# What you should do:
After locating "Dernæst skal vi", return its line and all lines that follow through the end of the listing below, exactly; leave out pictures.

# Supplied data:

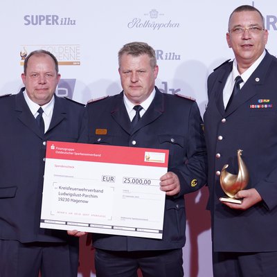 Mit weiteren Ehrenpreisen würdigte die Goldene Henne-Jury in den Kategorien „Charity“ und „Politik“ herausragendes gesellschaftliches Engagement. In diesem Jahr sind die Preisträger in der Kategorie „Charity“ drei Feuerwehrmänner aus Mecklenburg-Vorpommern. Sie standen stellvertretend für die vielen freiwilligen Feuerwehrleute auf der Bühne, die bei jedem Einsatz ihr Leben riskieren, um Menschen zu retten: Uwe Pulss aus Zarrentin, Wolfgang Krause aus Wanzlitz und Stefan Geier aus Kummer. Sie gehörten zu den 3.000 Einsatzkräften, die im Juni unermüdlich und mit großem Einsatz den schweren Waldbrand bei Lübtheen im Landkreis Ludwigslust-Parchim bekämpften. Gerade in den letzten beiden Dürresommern hat sich gezeigt, wie wichtig die freiwillige Arbeit dieser Alltagshelden ist. Das Publikum in Leipzig ehrte die drei Feuerwehrmänner mit Standing Ovations und minutenlangem Applaus.
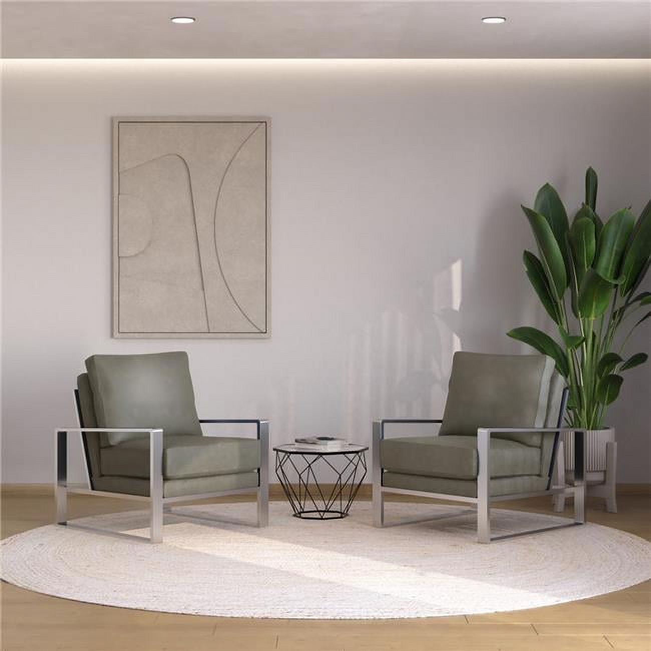 35.43 x 29.2 x 35.82 in. Jefferson Leather Armchair with Silver Frame & Octagon Coffee Table with Geometric Base, Grey
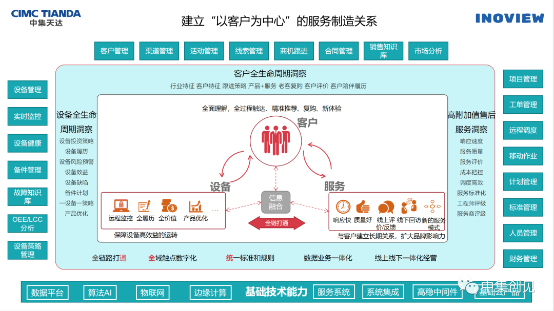 中集創(chuàng)見設(shè)備管理及售后服務(wù)管理解決方案針對裝備制造企業(yè)的管理基礎(chǔ),導(dǎo)入最佳實踐理論與模型,以管理目標、價值實現(xiàn)為導(dǎo)向,融合新技術(shù),建立以“客戶為中心”的服務(wù)制造關(guān)系,覆蓋設(shè)備后服務(wù)市場全周期、全價值、全場景的閉環(huán)管理,實現(xiàn)人財物一體化管理。打造全場景互通的數(shù)據(jù)鏈,將智能化融入到企業(yè)研發(fā)、制造、銷售、服務(wù)等全過程,有效驅(qū)動企業(yè)經(jīng)營決策更智慧、更高效、更高價值、更精細。
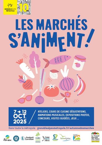 Dans le cadre du Mois de la Transition Alimentaire, les marchés de l’agglomération grenobloise s’animent d’ateliers, cours de cuisine, expositions, jeux… Pour plus d’informations et pour découvrir le programme complet et les villes concernées, rendez-vous sur le site de Grenoble Alpes Métropole.
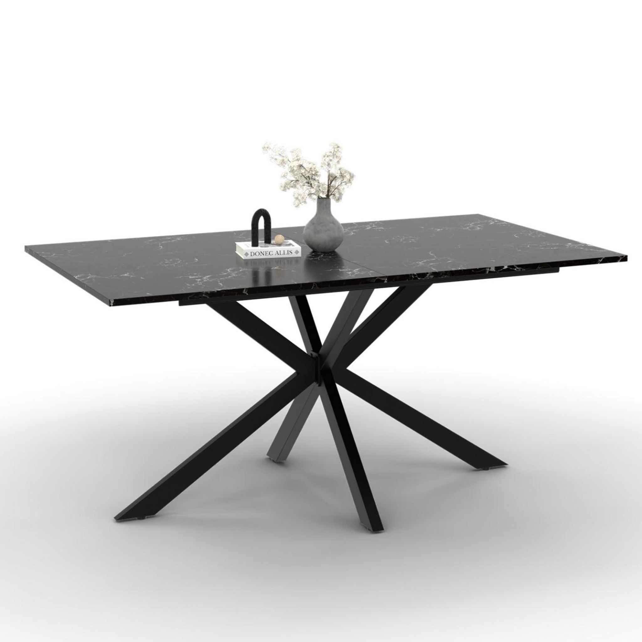 Table à manger rectangle ALIX 8 personnes pied araignée noir et plateau effet marbre noir ALASKA 160 cm
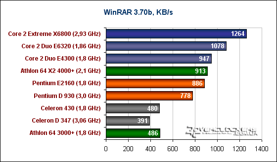 Картина результатов работы в архиваторе WinRAR аналогична 3DMark06, а демонстрируемые результаты процессоров K8 говорят о том, что архитектура уже старовата и необходимы кардинальные изменения. Ведь, работая с памятью на более низкой частоте, но и обладая встроенным контроллером памяти, оба Athlon 64 показывают отличную производительность, вот только в реальности им порой сложно противостоять архитектуре Core. Более высокая частота FSB процессора Core 2 Duo E6320 позволила обогнать всех своих "родственников", кроме, конечно же, экстремальной версии.
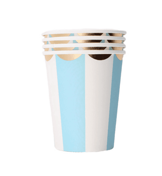 Serve your beverages in style with our Blue Candy Striped Paper Cups. Featuring classic blue and white stripes with an elegant gold rim, these cups bring a fun yet sophisticated touch to birthdays, baby showers, and themed celebrations. Perfect for both hot and cold drinks, they combine style and practicality for any event.
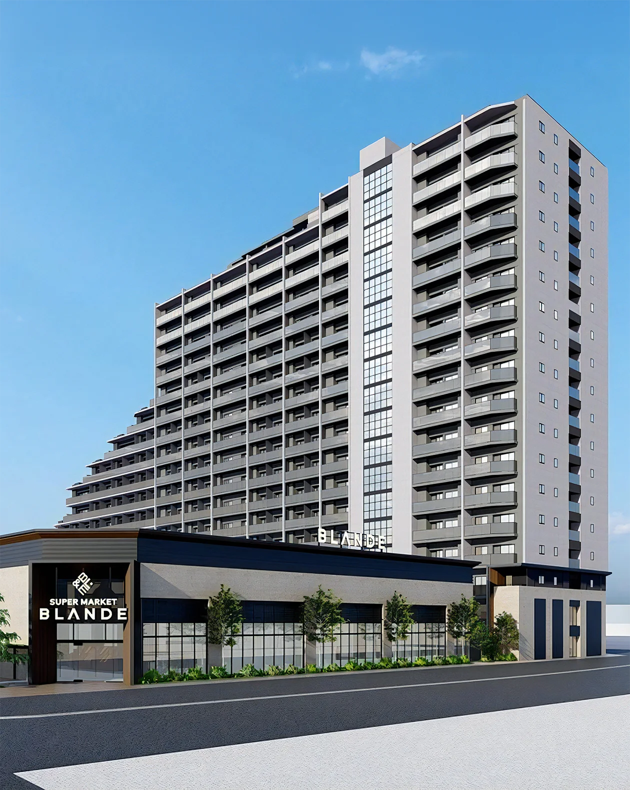 - ※掲載の完成予想CGは、計画段階の図面を基に描き起こしたものです。なお、形状の細部、設備機器等は表現しておりません。また、建物周囲の電柱等は省略しています。
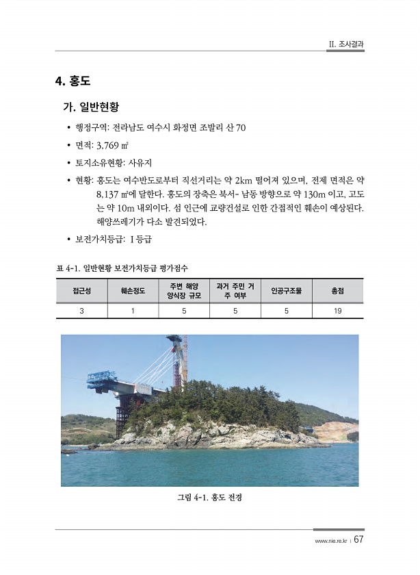 II. 조사결과 www.nie.re.kr ? 67 4. ? 행정구역전라남도 여수시 화정면 조발리 산 70 ? 면적3,769 ㎡ ? 토지소유현황사유지 ? 현황홍도는 여수반도로부터 직선거리는 약 2km 떨어져 있으며, 전제 면적은 약 8,137 ㎡에 달한다. 홍도의 장축은 북서- 남동 방향으로 약 130m 이고, 고도 는 약 10m 내외이다. 섬 인근에 교량건설로 인한 간접적인 훼손이 예상된다. 해양쓰레기가 다소 발견되었다. ? 보전가치등급Ⅰ등급 접근성 훼손정도 주변 해양 양식장 규모 과거 주민 거 주 여부 인공구조물 총점 3 1 5 5 5 19 표 4-1. 일반현황 보전가치등급 평가점수 그림 4-1. 홍도전경
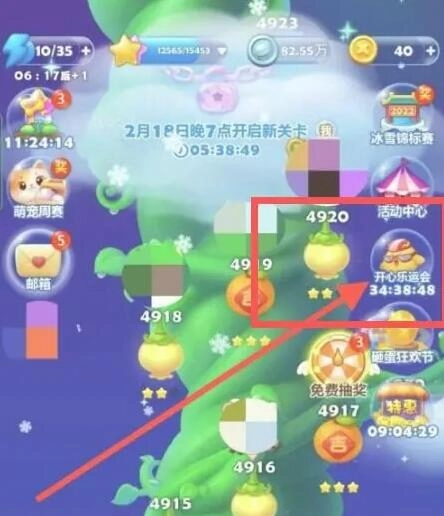 1、打開開心消消樂,點擊首頁的開心樂運會活動。
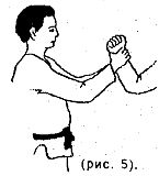 руки противникаПротивник захватил запястье двумя руками снизу (рис. 5).
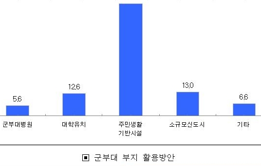 Àüü ÀÀ´äÀÚ¸¦ ´ë»óÀ¸·Î ±ººÎ´ë ÀÌÀüÀ» °¡Á¤ÇÏ°í ºÎÁö Ȱ¿ë ¹æ¾ÈÀ» ¹°Àº °á°ú, 62.2%ÀÇ ÁÖ¹ÎÀÌ ¡°µµ·Î¤ý°ø¿ø¤ýÁ¾ÇÕº´¿ø µî ÁֹΠÆíÀÇ ±â¹Ý½Ã¼³ÀÌ ÇÊ¿äÇÏ´Ù¡±°í ÀÀ´äÇßÀ¸¸ç, ±×µ¿¾È Á¤Ä¡±Ç µî¿¡¼ ³íÀǵƴø Ȱ¿ë ¹æ¾ÈÀÎ ¡®±ººÎ´ë Á¾ÇÕº´¿ø¡¯(5.6%), ¡®´ëÇÐ À¯Ä¡¡¯(12.6%), ¡®¼Ò±Ô¸ð ½Åµµ½Ã À¯Ä¡¡¯(13.0%) µîÀÇ ÀÀ´äÀº »ó´ëÀûÀ¸·Î ³·¾Ò´Ù. |
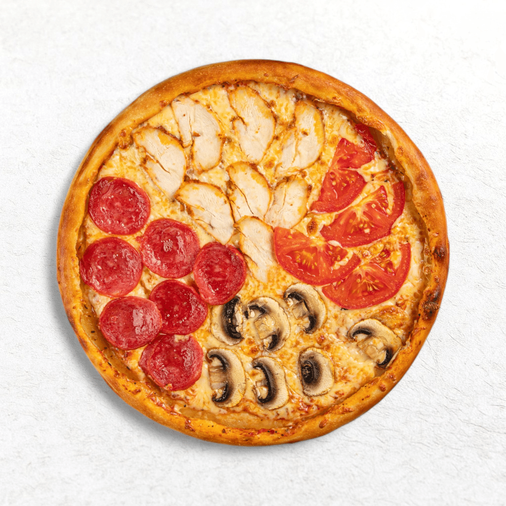 Томатный соус, колбаски, запечённая курица, помидоры, грибы, сыр моцарелла
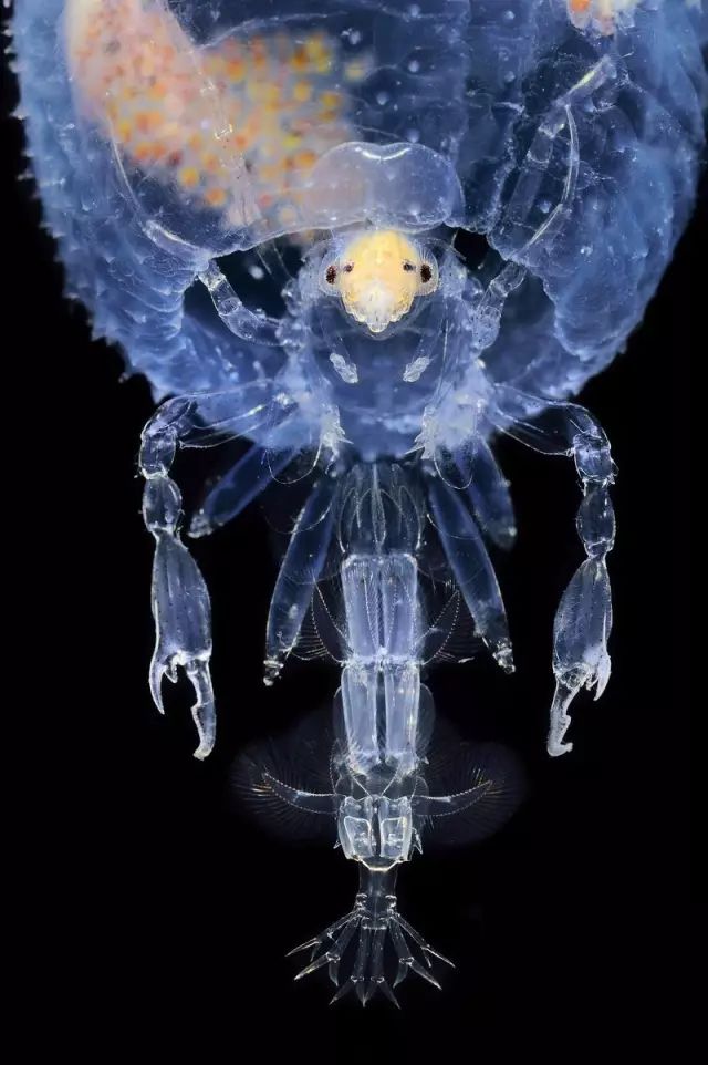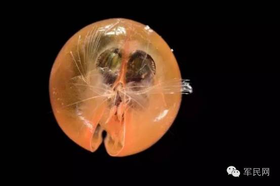 + i; _7 J# j5 U$ s2 P& W 拥有着食尸鬼一般外表的介形虫(ostracod,又名种虾),几千年来几乎一直以“一颗漂浮着的头颅”的面目示人。它们的身体几乎密不可分,头部和身体紧密地相连,和附肢一起,被一颗球状的外壳包裹着。这种相貌古怪的介虫类物种(Gigantocypris muelleri),拥有着如同反射镜一般的双眼,可以用来定位极其微小的浮游生物。
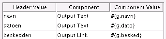 Dernæst skal vi beskrive hvad der skal vises i hver kolonne. Da vi har kaldt vores gennemløbsvariabel for 'g' er det den vi skal bruge. Da kolonnerne i databasen hedder hhv 'navn', 'dato' og 'besked' skriver vi hhv #{g.navn}, #{g.dato} og #{g.besked} (egentlig bliver det oversat til getString("navn"), getString("dato") og getString("besked") på ResultSet'et):
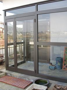 アルミ製風除室・後付け窓加工: 通風サッシ(5_透明ガラス)+網戸
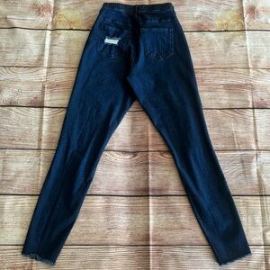 • Distressed look, raw bottom hem

# Exercise output:
 Dernæst skal vi beskrive hvad der skal vises i hver kolonne. Da vi har kaldt vores gennemløbsvariabel for 'g' er det den vi skal bruge. Da kolonnerne i databasen hedder hhv 'navn', 'dato' og 'besked' skriver vi hhv #{g.navn}, #{g.dato} og #{g.besked} (egentlig bliver det oversat til getString("navn"), getString("dato") og getString("besked") på ResultSet'et):
 アルミ製風除室・後付け窓加工: 通風サッシ(5_透明ガラス)+網戸
 • Distressed look, raw bottom hem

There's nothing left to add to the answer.